In your opinion, how practical is it to write complex Bash shell scripts that handle offbeat filenames and pathnames like, say, 'My Files/-Preferences:(3)'?

I realize that it is possible to write such scripts, but every time one mixes various quoting and expansion mechanisms like (say) echo ${X}{1,2} | sed "s/${A}/${B%$C}/" or uses eval or the like, Bash—or various command-line tools invoked from Bash—seems to remind one how much it dislikes offbeat filenames. The script on which I am now working is a moderate 1500 lines or so in length, yet I have spent so many hours tracking down obscure bugs due to quoting and expansion issues that I am thinking of having the script simply reject all unconventional pathnames.

Some users won't like that.

Meanwhile, I feel that I am fighting Bash. I would instead like to work with Bash, and I would prefer not to give up on Bash just because some users have ported Microsoft-style file-naming habits to Debian.

Is there an easy way to do this? What am I missing, please?
Last edited by THBlack on 2021-02-10 22:21, edited 3 times in total.

reinob
Posts: 1189
Joined: 2014-06-30 11:42
Has thanked: 97 times
Been thanked: 47 times

Re: Practicality of Bash with unconventional pathnames

#2 Post by reinob »

It of course depends on what you're trying to do. What are you trying to do anyway? :)

Normally you don't need to manipulate file names, you just pass them to a program, etc. and as long as they're quoted ("$NAME" instead of $NAME), there's usually no problem.

But yes, the general idea is that everything is text, so a command line is parsed as text, commonly separating tokens by spaces, which may be a problem. I hear Powershell is more "object oriented", but everytime I see a Powershell script I think something is deeply wrong with the concept, and seems only OK for programming but not for an interactive shell.

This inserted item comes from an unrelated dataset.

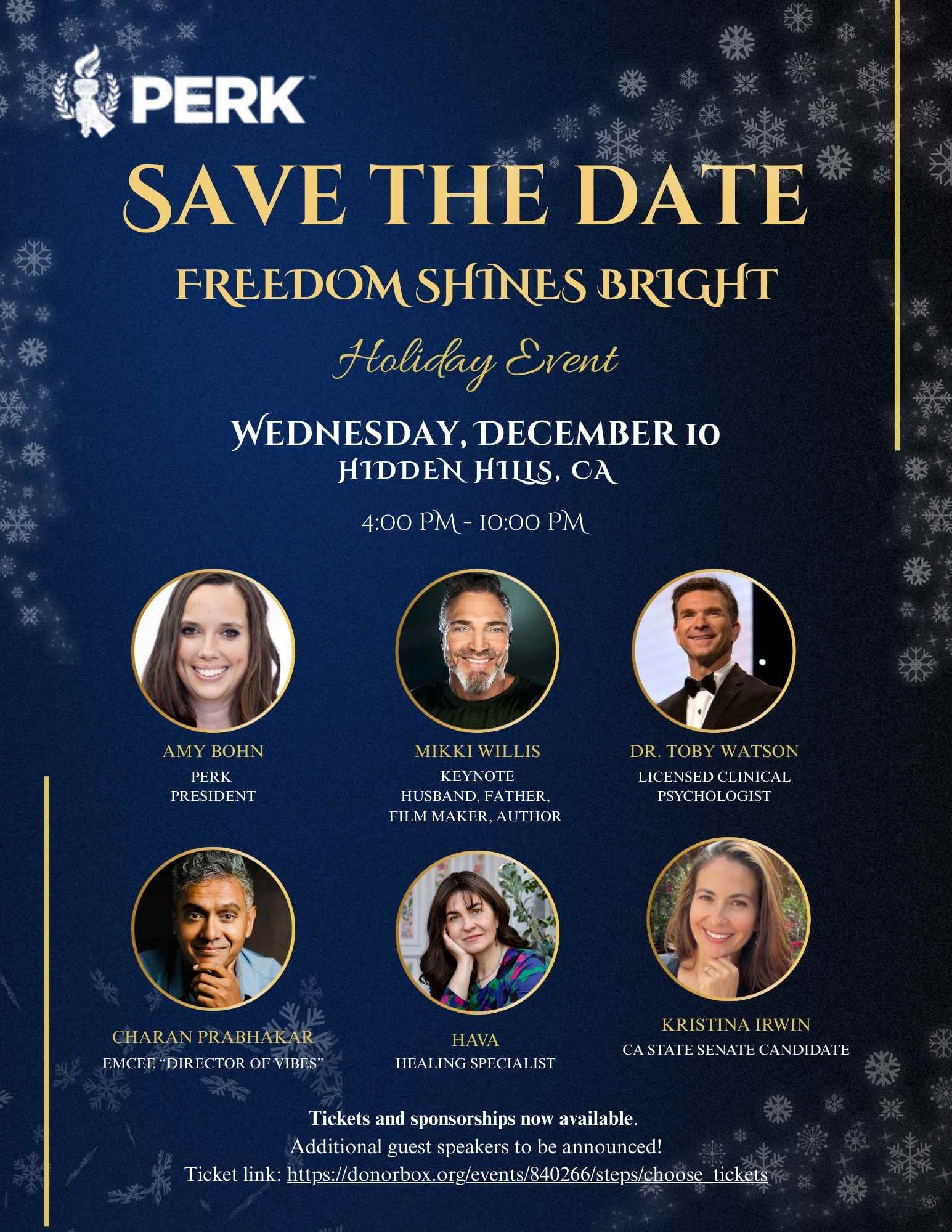 Join us for an inspiring evening featuring dynamic guest speakers—including a nationally recognized leader on critical issues affecting parents and children. Be empowered with knowledge, gain insights from experts and local and national leaders, celebrate PERK’s victories in 2025, a 5 year recap, and get a first look at the exciting new programs launching in the New Year. Guest speakers include Dr. Toby Watson, Senate Candidate Kristina Irwin, Charan Prabhakar, Hava the healing specialist, and more…

So, again, what are you trying to do? maybe there's an easier/simpler way.

THBlack
Posts: 5
Joined: 2021-02-08 20:45

Re: Practicality of Bash with unconventional pathnames

#3 Post by THBlack »

What are you trying to do anyway?
  • To select and transfer a lot of files from one server to another,
  • To distribute the files to various directories on the target server.
  • To parse and obey control files fetched from the source server.
  • To verify checksums.
  • To let the user configure various aspects of the process when he or she invokes the script on the command line.
  • Etc.
And to do it all in a way that does not require other maintainers of the script to learn my favorite scripting language (Python or Perl, say) as a precondition of maintaining the script. The exact details are probably unimportant to the present discussion unless you want to see 1500 lines of shell scripting.

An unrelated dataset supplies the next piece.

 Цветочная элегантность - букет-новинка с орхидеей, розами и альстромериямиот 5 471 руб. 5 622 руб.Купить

I can fix any particular problem when it comes up, but overall, when I am writing lots of lines that resemble,

Code: Select all

touch -d "$(sed -rne 's/^Date:\s*//p;T;q' "$2")" "$1"
or

Code: Select all

ARG="$(eval echo '$ARG1'/{'$ARG2',{MD5,SHA{1,256,512}}SUMS{,.sign}})"
or

Code: Select all

[[ "$FP1" = dists/$(printf '%q' "$DIST1")?(/*) ]] && PREFETCH_FPS="$PREFETCH_FPS $FP1"
... well, I seem to be fighting Bash rather than working with Bash. My script functions, but it's probably bug-prone, is probably insecure, and, generally, just does not feel right. Sometimes, spaces are separators between arguments. Sometimes, spaces are embedded within arguments. Sometimes, spaces are not normally embedded within arguments, but an intruder might embed a space to cause trouble. And that's just spaces: what about embedded parentheses that, if mishandled, launch subprocesses? Or what about the humble '..' that lets the user escape upward from the directory in which he or she is supposed to be working? Weird filenames like -myfile can be misinterpreted as command options, and so forth; not to mention the infinite variety of Unicode characters that might mean anything as far as I know.

I am not really asking any of those specific questions. I am asking instead if I am inadvertently trying to force Bash into the wrong paradigm, because the need to handle unconventional pathnames is causing me an inordinate amount of trouble.

Maybe the answer is, "Bash wasn't designed to handle unconventional pathnames."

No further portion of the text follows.